Winter Reading 2015 The War That Saved My Life


I started to write that World War II is the setting for this story, but that wouldn't be quite right. The war does figure prominently in the story in various ways and it is always present in the background behind all other action. But I think the best way to explain the story is to say that WWII is the catalyst for everything that happens.

Ada and her brother Jamie live with their mother in London during 1939. Their father has been gone since Jamie was a baby. Now Ada is 10 and Jamie is 6 and old enough to go to school soon. Their mother (Mam) has never let Ada go to school, or anywhere else. Ada spends every day in their tiny 3rd floor apartment, watching the world outside the window. Mam keeps her inside because Ada has a clubfoot and she doesn't want anyone to know that her daughter is a "cripple." 

When the children are evacuated from London to the countryside because of the threat from German bombers, Ada goes with Jamie and they discover another world from what they've known. There is plenty of food to eat, baths every day, clean sheets on the bed, grass and fresh air outside... They are assigned to a single woman named Susan Smith who lives alone. Although Susan protests that she doesn't know how to care for children, she does a better job than Mam right from the start. 


(Photos of Kent, where evacuated children were taken.)

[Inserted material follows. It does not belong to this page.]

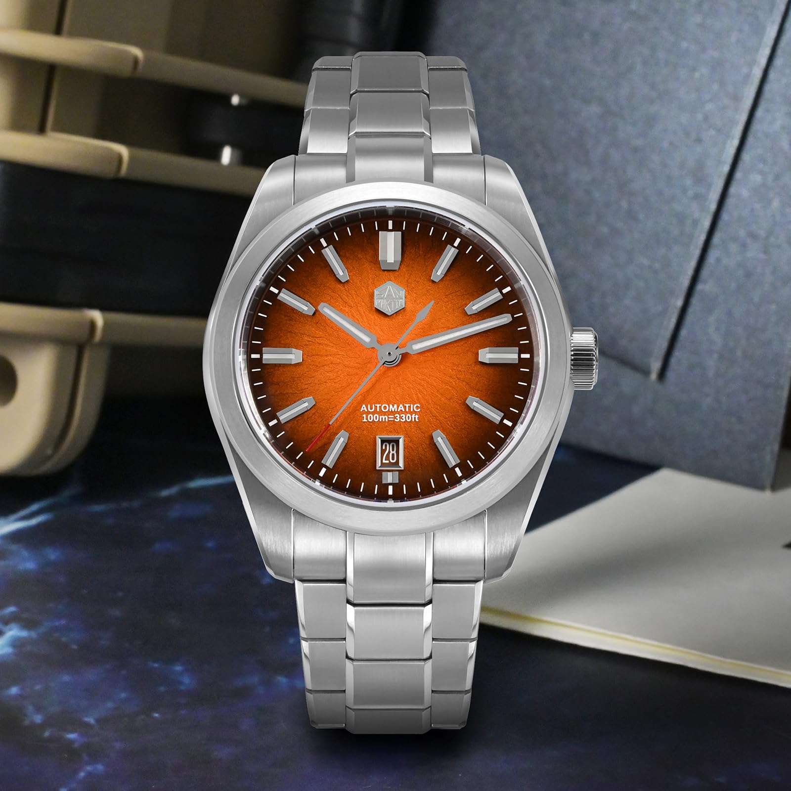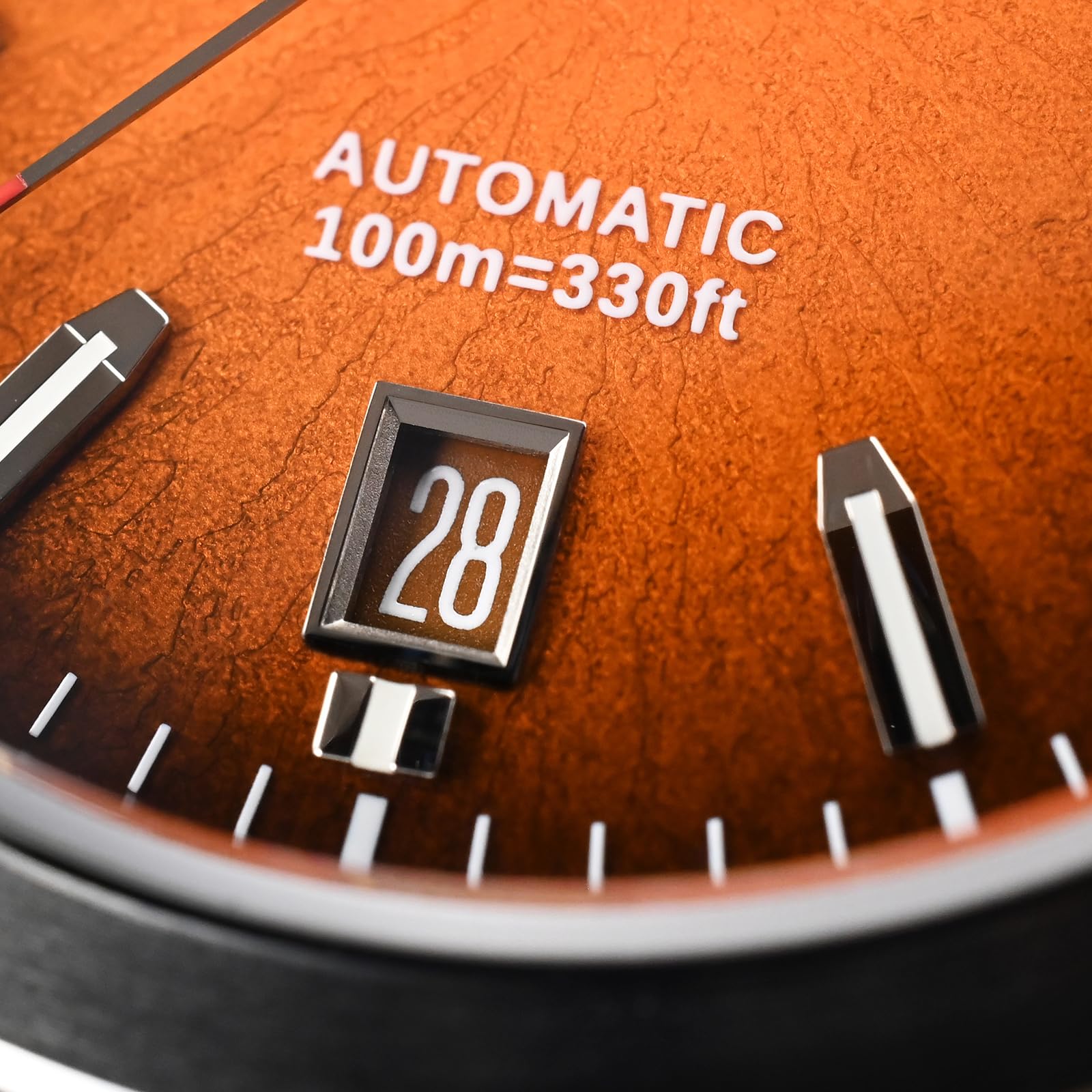 Reloj San Martin para hombre SN0144-GX, 9015 movimiento mecánico automático cristal de zafiro 10 bar reloj de buceo para hombre (esfera marrón, 39 mm)

It is fascinating to watch the children, especially Ada, explore the English countryside and slowly emerge from the timid shells they have lived in with their mother. The behaviors that are described as they try to cope with all the changes and feel overwhelmed at times are what one would expect from children recovering from years of neglect and abuse. Readers will be cheering for each accomplishment and small flash of bravery. 

(English ponies like Butter, the pony in the book)

This would be an excellent book to read as part of a unit on WWII, because it does cover things like the evacuation, the bombing raids, rationing, victory gardens, etc. But it is also a great story for anyone who enjoys characters that are able to overcome obstacles and handicaps to reach for a better life.

I read an e-book provided by the publisher through NetGalley. You can find out more about the author and her books on her website. For more about World War II and its effects in England, visit the website for the Imperial War Museum, where the author did a lot of her research.

One of the displays from the museum, a boat used during the Dunkirk evacuations.